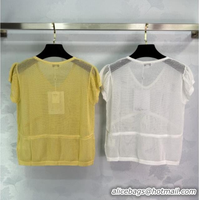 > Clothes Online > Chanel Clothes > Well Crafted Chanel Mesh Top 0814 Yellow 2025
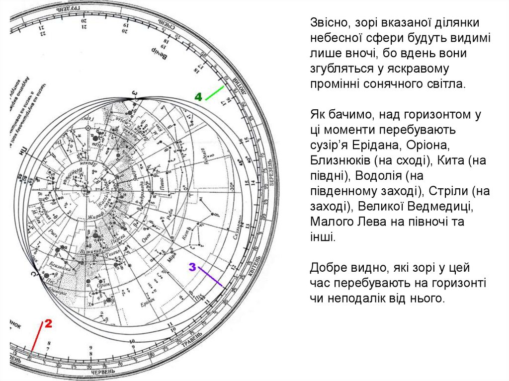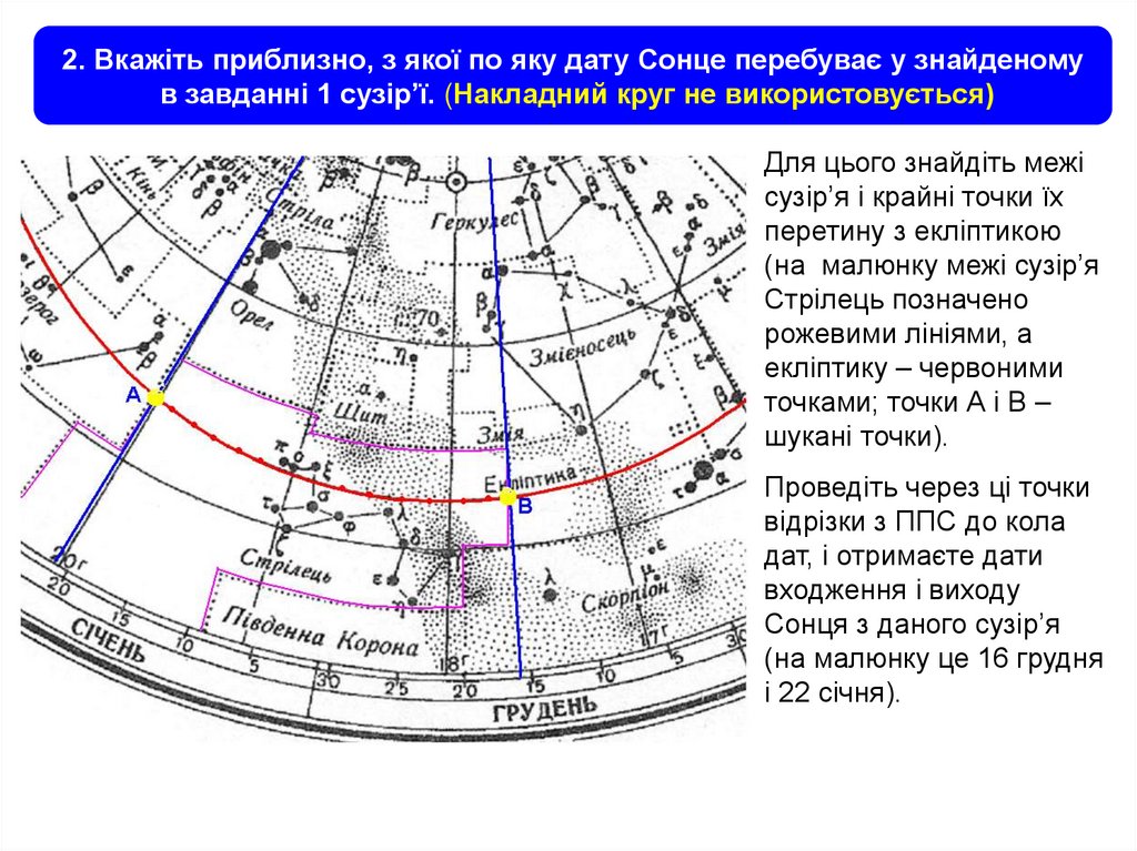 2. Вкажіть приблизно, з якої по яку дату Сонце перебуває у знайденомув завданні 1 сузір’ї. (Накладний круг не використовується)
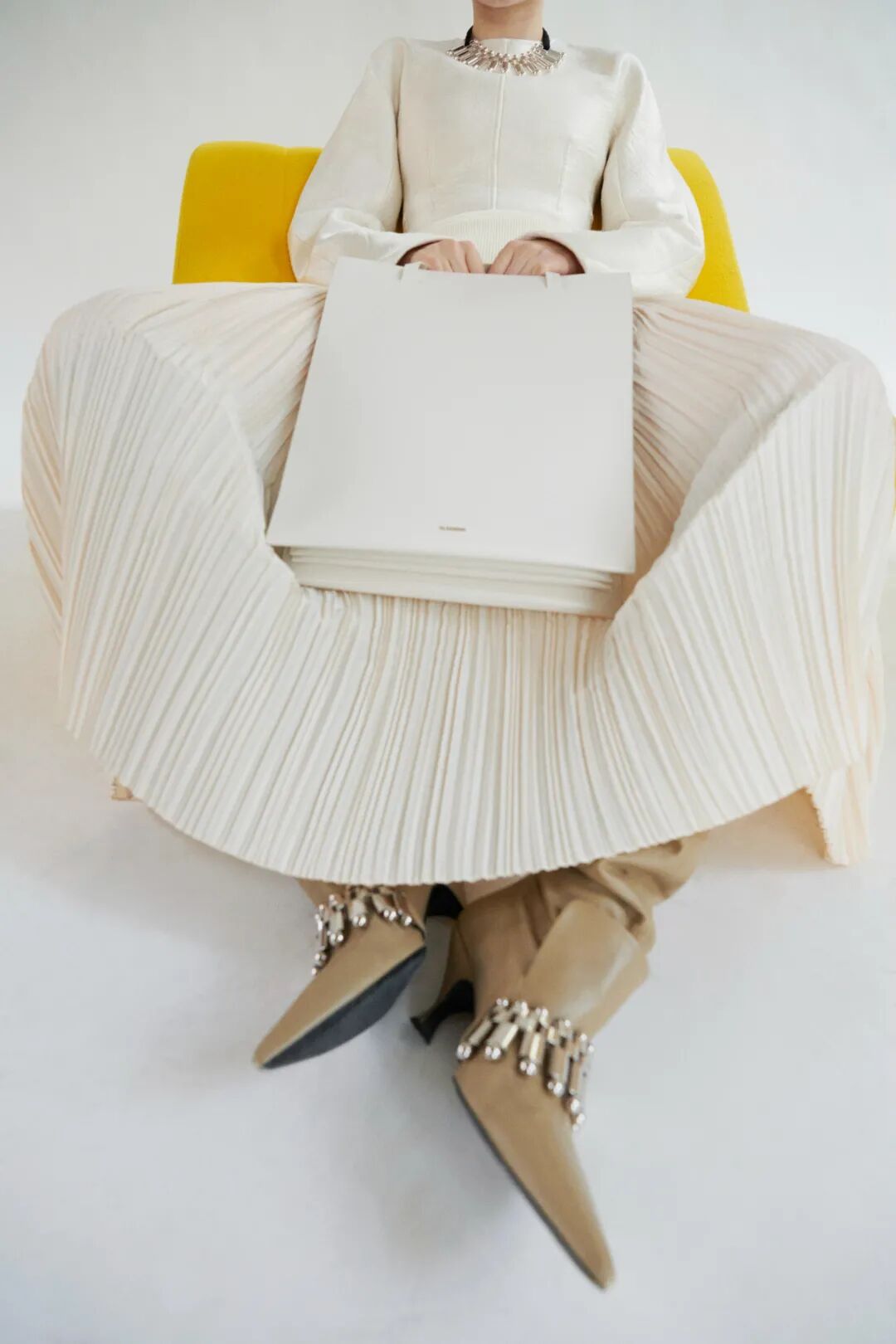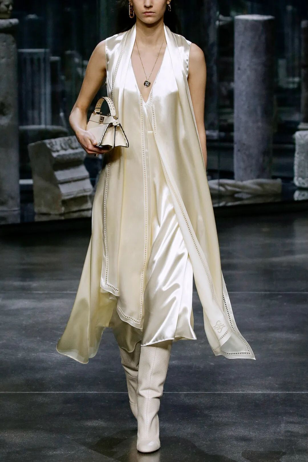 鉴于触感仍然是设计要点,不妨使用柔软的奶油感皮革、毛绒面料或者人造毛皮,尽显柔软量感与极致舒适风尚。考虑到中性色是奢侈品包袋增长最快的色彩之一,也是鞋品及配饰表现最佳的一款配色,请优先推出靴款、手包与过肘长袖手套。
§
**TASK TO COMPLETE**
The pictures are not wanted, but every line of the listing should be duplicated exactly.

**EXPECTED ANSWER**
 > Clothes Online > Chanel Clothes > Well Crafted Chanel Mesh Top 0814 Yellow 2025
 2. Вкажіть приблизно, з якої по яку дату Сонце перебуває у знайденомув завданні 1 сузір’ї. (Накладний круг не використовується)
 鉴于触感仍然是设计要点,不妨使用柔软的奶油感皮革、毛绒面料或者人造毛皮,尽显柔软量感与极致舒适风尚。考虑到中性色是奢侈品包袋增长最快的色彩之一,也是鞋品及配饰表现最佳的一款配色,请优先推出靴款、手包与过肘长袖手套。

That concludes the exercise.